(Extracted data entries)
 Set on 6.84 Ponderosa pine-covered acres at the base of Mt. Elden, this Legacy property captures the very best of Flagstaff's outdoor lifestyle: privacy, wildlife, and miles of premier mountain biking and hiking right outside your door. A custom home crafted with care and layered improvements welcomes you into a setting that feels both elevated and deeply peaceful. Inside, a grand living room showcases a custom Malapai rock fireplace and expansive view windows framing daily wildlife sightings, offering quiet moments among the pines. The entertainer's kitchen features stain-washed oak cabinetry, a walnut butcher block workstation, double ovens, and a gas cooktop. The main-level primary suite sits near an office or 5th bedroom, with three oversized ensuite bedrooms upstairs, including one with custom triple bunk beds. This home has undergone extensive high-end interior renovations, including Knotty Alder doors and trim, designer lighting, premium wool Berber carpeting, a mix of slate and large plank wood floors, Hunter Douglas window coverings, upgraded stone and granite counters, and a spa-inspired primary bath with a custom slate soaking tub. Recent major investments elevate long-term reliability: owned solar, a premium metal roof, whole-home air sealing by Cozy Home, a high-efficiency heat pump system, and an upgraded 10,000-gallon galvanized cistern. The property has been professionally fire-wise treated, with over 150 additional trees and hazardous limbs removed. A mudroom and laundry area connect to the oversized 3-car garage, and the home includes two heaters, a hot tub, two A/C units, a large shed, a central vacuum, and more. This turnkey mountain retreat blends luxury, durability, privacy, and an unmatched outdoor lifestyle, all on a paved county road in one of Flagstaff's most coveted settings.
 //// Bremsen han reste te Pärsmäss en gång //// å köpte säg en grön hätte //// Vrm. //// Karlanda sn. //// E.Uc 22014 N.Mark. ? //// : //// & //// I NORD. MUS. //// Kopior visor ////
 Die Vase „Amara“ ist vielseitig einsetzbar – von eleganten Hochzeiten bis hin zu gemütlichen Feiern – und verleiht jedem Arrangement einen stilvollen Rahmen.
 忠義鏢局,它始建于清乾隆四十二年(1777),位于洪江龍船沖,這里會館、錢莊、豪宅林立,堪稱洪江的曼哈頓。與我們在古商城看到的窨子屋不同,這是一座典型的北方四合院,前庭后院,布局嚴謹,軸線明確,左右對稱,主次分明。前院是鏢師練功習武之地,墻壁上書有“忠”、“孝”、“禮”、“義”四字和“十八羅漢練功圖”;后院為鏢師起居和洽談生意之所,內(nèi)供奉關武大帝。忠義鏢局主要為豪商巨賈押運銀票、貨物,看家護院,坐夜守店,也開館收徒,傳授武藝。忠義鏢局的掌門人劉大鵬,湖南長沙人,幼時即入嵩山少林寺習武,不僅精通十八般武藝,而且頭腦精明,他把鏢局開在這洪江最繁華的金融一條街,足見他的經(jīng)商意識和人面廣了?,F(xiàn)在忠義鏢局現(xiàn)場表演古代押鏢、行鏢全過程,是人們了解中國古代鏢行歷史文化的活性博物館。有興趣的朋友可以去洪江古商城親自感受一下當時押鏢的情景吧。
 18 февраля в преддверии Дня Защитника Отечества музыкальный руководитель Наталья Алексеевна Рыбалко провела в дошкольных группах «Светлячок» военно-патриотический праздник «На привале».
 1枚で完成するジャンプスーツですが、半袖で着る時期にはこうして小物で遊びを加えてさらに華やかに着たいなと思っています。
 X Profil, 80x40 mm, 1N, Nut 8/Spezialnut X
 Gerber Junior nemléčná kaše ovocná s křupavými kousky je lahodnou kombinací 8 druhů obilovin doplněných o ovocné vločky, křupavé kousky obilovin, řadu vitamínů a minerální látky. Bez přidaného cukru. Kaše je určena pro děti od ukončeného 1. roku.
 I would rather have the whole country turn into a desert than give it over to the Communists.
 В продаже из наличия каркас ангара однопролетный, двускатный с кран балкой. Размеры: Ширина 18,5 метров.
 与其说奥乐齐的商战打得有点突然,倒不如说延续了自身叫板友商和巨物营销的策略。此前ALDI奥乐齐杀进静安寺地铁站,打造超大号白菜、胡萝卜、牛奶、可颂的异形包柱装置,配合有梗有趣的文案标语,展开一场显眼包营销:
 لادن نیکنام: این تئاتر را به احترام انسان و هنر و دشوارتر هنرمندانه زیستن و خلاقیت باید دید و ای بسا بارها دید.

### Task instructions
Would you write out the full set of records above without alteration?

### Expected output
 Set on 6.84 Ponderosa pine-covered acres at the base of Mt. Elden, this Legacy property captures the very best of Flagstaff's outdoor lifestyle: privacy, wildlife, and miles of premier mountain biking and hiking right outside your door. A custom home crafted with care and layered improvements welcomes you into a setting that feels both elevated and deeply peaceful. Inside, a grand living room showcases a custom Malapai rock fireplace and expansive view windows framing daily wildlife sightings, offering quiet moments among the pines. The entertainer's kitchen features stain-washed oak cabinetry, a walnut butcher block workstation, double ovens, and a gas cooktop. The main-level primary suite sits near an office or 5th bedroom, with three oversized ensuite bedrooms upstairs, including one with custom triple bunk beds. This home has undergone extensive high-end interior renovations, including Knotty Alder doors and trim, designer lighting, premium wool Berber carpeting, a mix of slate and large plank wood floors, Hunter Douglas window coverings, upgraded stone and granite counters, and a spa-inspired primary bath with a custom slate soaking tub. Recent major investments elevate long-term reliability: owned solar, a premium metal roof, whole-home air sealing by Cozy Home, a high-efficiency heat pump system, and an upgraded 10,000-gallon galvanized cistern. The property has been professionally fire-wise treated, with over 150 additional trees and hazardous limbs removed. A mudroom and laundry area connect to the oversized 3-car garage, and the home includes two heaters, a hot tub, two A/C units, a large shed, a central vacuum, and more. This turnkey mountain retreat blends luxury, durability, privacy, and an unmatched outdoor lifestyle, all on a paved county road in one of Flagstaff's most coveted settings.
 //// Bremsen han reste te Pärsmäss en gång //// å köpte säg en grön hätte //// Vrm. //// Karlanda sn. //// E.Uc 22014 N.Mark. ? //// : //// & //// I NORD. MUS. //// Kopior visor ////
 Die Vase „Amara“ ist vielseitig einsetzbar – von eleganten Hochzeiten bis hin zu gemütlichen Feiern – und verleiht jedem Arrangement einen stilvollen Rahmen.
 忠義鏢局,它始建于清乾隆四十二年(1777),位于洪江龍船沖,這里會館、錢莊、豪宅林立,堪稱洪江的曼哈頓。與我們在古商城看到的窨子屋不同,這是一座典型的北方四合院,前庭后院,布局嚴謹,軸線明確,左右對稱,主次分明。前院是鏢師練功習武之地,墻壁上書有“忠”、“孝”、“禮”、“義”四字和“十八羅漢練功圖”;后院為鏢師起居和洽談生意之所,內(nèi)供奉關武大帝。忠義鏢局主要為豪商巨賈押運銀票、貨物,看家護院,坐夜守店,也開館收徒,傳授武藝。忠義鏢局的掌門人劉大鵬,湖南長沙人,幼時即入嵩山少林寺習武,不僅精通十八般武藝,而且頭腦精明,他把鏢局開在這洪江最繁華的金融一條街,足見他的經(jīng)商意識和人面廣了?,F(xiàn)在忠義鏢局現(xiàn)場表演古代押鏢、行鏢全過程,是人們了解中國古代鏢行歷史文化的活性博物館。有興趣的朋友可以去洪江古商城親自感受一下當時押鏢的情景吧。
 18 февраля в преддверии Дня Защитника Отечества музыкальный руководитель Наталья Алексеевна Рыбалко провела в дошкольных группах «Светлячок» военно-патриотический праздник «На привале».
 1枚で完成するジャンプスーツですが、半袖で着る時期にはこうして小物で遊びを加えてさらに華やかに着たいなと思っています。
 X Profil, 80x40 mm, 1N, Nut 8/Spezialnut X
 Gerber Junior nemléčná kaše ovocná s křupavými kousky je lahodnou kombinací 8 druhů obilovin doplněných o ovocné vločky, křupavé kousky obilovin, řadu vitamínů a minerální látky. Bez přidaného cukru. Kaše je určena pro děti od ukončeného 1. roku.
 I would rather have the whole country turn into a desert than give it over to the Communists.
 В продаже из наличия каркас ангара однопролетный, двускатный с кран балкой. Размеры: Ширина 18,5 метров.
 与其说奥乐齐的商战打得有点突然,倒不如说延续了自身叫板友商和巨物营销的策略。此前ALDI奥乐齐杀进静安寺地铁站,打造超大号白菜、胡萝卜、牛奶、可颂的异形包柱装置,配合有梗有趣的文案标语,展开一场显眼包营销:
 لادن نیکنام: این تئاتر را به احترام انسان و هنر و دشوارتر هنرمندانه زیستن و خلاقیت باید دید و ای بسا بارها دید.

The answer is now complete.